§ **Dataset section**:
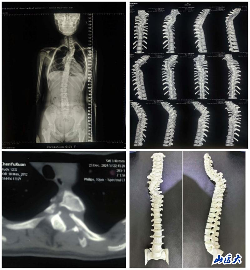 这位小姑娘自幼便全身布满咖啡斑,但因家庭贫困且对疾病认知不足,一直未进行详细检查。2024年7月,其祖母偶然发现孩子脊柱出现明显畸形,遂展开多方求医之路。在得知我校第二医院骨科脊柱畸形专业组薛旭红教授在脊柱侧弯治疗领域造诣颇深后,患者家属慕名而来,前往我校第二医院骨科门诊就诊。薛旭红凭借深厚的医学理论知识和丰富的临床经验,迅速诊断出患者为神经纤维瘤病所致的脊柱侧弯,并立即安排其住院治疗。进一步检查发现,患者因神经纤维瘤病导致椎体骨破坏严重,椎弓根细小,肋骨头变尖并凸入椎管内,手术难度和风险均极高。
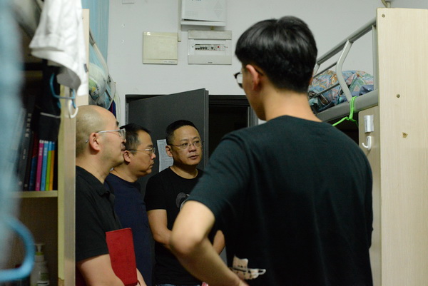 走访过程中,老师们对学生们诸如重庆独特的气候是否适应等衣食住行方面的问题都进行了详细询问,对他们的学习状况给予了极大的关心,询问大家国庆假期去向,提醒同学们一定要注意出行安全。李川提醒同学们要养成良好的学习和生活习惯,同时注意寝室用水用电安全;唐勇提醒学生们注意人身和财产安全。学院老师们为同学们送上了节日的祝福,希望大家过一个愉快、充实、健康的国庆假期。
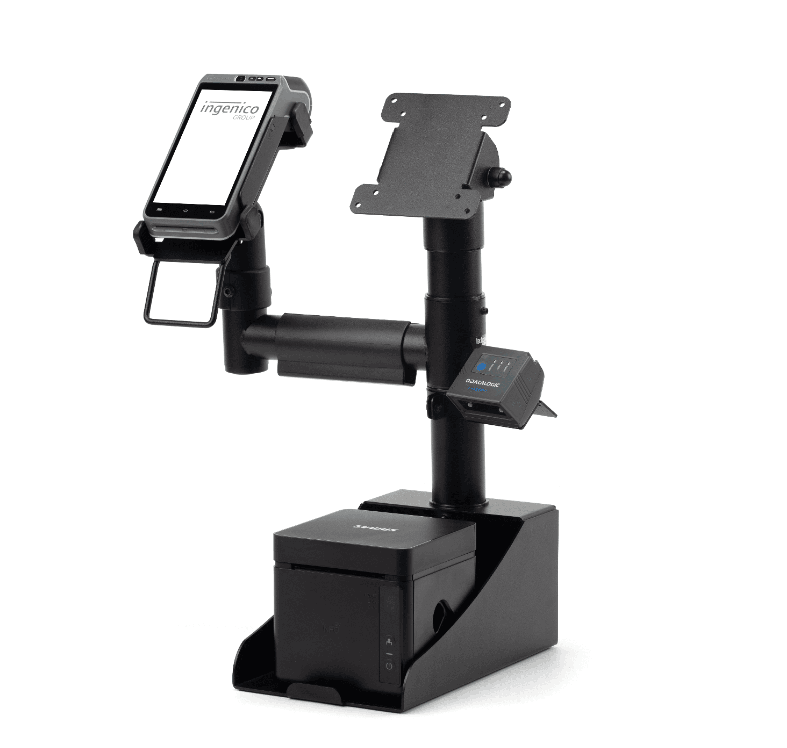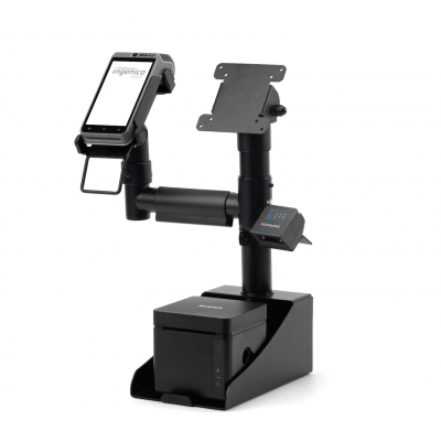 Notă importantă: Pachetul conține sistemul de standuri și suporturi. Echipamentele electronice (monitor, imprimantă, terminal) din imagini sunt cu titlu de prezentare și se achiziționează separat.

§ **What needs to be done**: Transcribe the preceding listing in its entirety and with exact wording, leaving out pictures.

§ **Reply to the exercise**:
 这位小姑娘自幼便全身布满咖啡斑,但因家庭贫困且对疾病认知不足,一直未进行详细检查。2024年7月,其祖母偶然发现孩子脊柱出现明显畸形,遂展开多方求医之路。在得知我校第二医院骨科脊柱畸形专业组薛旭红教授在脊柱侧弯治疗领域造诣颇深后,患者家属慕名而来,前往我校第二医院骨科门诊就诊。薛旭红凭借深厚的医学理论知识和丰富的临床经验,迅速诊断出患者为神经纤维瘤病所致的脊柱侧弯,并立即安排其住院治疗。进一步检查发现,患者因神经纤维瘤病导致椎体骨破坏严重,椎弓根细小,肋骨头变尖并凸入椎管内,手术难度和风险均极高。
 走访过程中,老师们对学生们诸如重庆独特的气候是否适应等衣食住行方面的问题都进行了详细询问,对他们的学习状况给予了极大的关心,询问大家国庆假期去向,提醒同学们一定要注意出行安全。李川提醒同学们要养成良好的学习和生活习惯,同时注意寝室用水用电安全;唐勇提醒学生们注意人身和财产安全。学院老师们为同学们送上了节日的祝福,希望大家过一个愉快、充实、健康的国庆假期。
 Notă importantă: Pachetul conține sistemul de standuri și suporturi. Echipamentele electronice (monitor, imprimantă, terminal) din imagini sunt cu titlu de prezentare și se achiziționează separat.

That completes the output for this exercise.